New York stands to lose potential tax income to New Jersey and Massachusetts.
The longer New York weed legalization takes, the more New Yorkers will turn to neighboring states with recreational cannabis, notably New Jersey (presuming it finally succeeds at passing legalization) and Massachusetts.
Kris Krane, President of 4Front, explained that New York advocacy from groups like Drug Policy Alliance and neighboring legalization efforts have both played a role in Cuomo's decision to support recreational cannabis. "Marijuana is now being legally sold to adults in the Northeast, and the retail store in Northampton MA is only a 90-minute drive from the NY Governor's Mansion in Albany," Krane said.
Why haven't we seen a push for New York weed legalization until now?
Legalization in the Empire State is long overdue. Governor Andrew Cuomo is a Democrat. Democrats also have a majority in the state Senate for the first time in many years, and hold a strong majority in the state Assembly. Public opinion, state coffers and the national tide all point toward New York weed legalization. But before Cuomo's game-changing decision to add New York weed legalization to the docket for early 2019, cannabis reform wasn't even on the New York Democratic Party's official list of priorities.
Anti-cannabis lobbying is still prevalent nation-wide.
The biggest reason for this is anti-cannabis lobbying. Though the cannabis industry is booming, other industries see a direct negative correlation between their profitability and legalization. In states with legal medical cannabis, the average doctor prescribed 1,826 fewer painkiller doses per year according to a study published in Health Affairs. Not only that, but anti-anxiety, anti-nausea and seizure medication prescriptions also decreased by approximately 500 doses per doctor per year.
In other words, there is significant incentive for pharmaceutical companies to stop, or delay, New York weed legalization, especially considering the size of the market. Keep in mind that Bristol-Myers Squibb and Pfizer, two of the nation's largest pharmaceutical companies, are based in New York.
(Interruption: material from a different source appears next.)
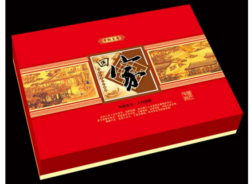
Figure 4."Hui Jia" moon cake packaging design

Split the strokes of one or more Chinese characters and reconvict the structure, then the identification of text is reduced, but the graphical feature is enhanced, generally requiring comments. After splitting, the re- combining text loses the function of straightforward interpretation, but new graphic form has a more profound meaning. As shown in Figure 4 [8], the moon cake packaging, the two words "Hui Jian" are combined and skillfully transformed, fully embodying the best wishes of going home to reunion the family members in Mid-Autumn Festival, packaging vividly and iconically conveying the main idea of products.
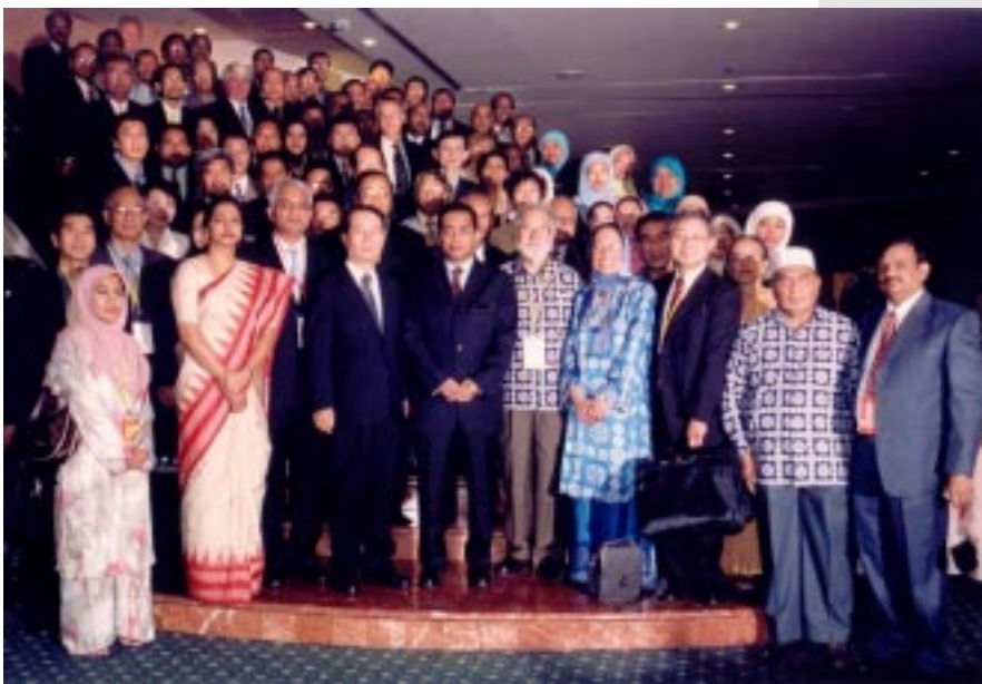
Participants of the Co-operative-Government Dialogue in Malaysia

Co-operatives belong to resource deficient segments of the society. The co-operative policy of the government must lay special stress on protection of the vulnerable target groups,

Anti-cannabis lobbying has been the biggest obstacle facing legalization efforts nationwide and in New York. In addition to big pharma, casinos, private prisons and the alcohol industry have all lobbied against weed legalization across the country. According to FollowTheMoney.org, private prisons alone have spent over $800,000 in New York state elections since 2012.
Is New York weed legalization in the near future?
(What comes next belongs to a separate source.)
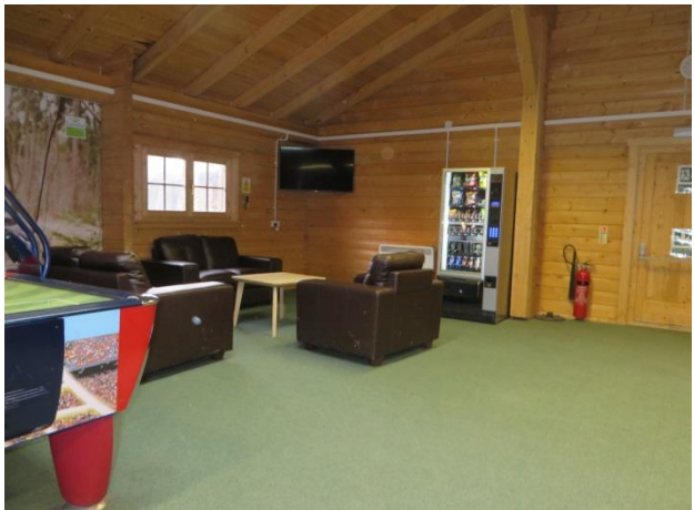
6. Internal space and

Governor Cuomo has stated that legislation will be drafted as early as January 2019, and the reasons to legalize recreational cannabis have never been more compelling. Businesses are lobbying for the economic opportunities of a New York market, public support is at an all-time high, the state is desperate for income and racial disparities in police arrests have galvanized a large social movement.
But as we've seen with legalization in New Jersey, this process takes time -- even when politicians, voters and corporations all want the same thing. No legislation has been proposed, nor is there an official timeline for legalization in New York. Though cannabis legalization in New York seems behind schedule already, there is still a long road or negotiations ahead before weed hits the shelves.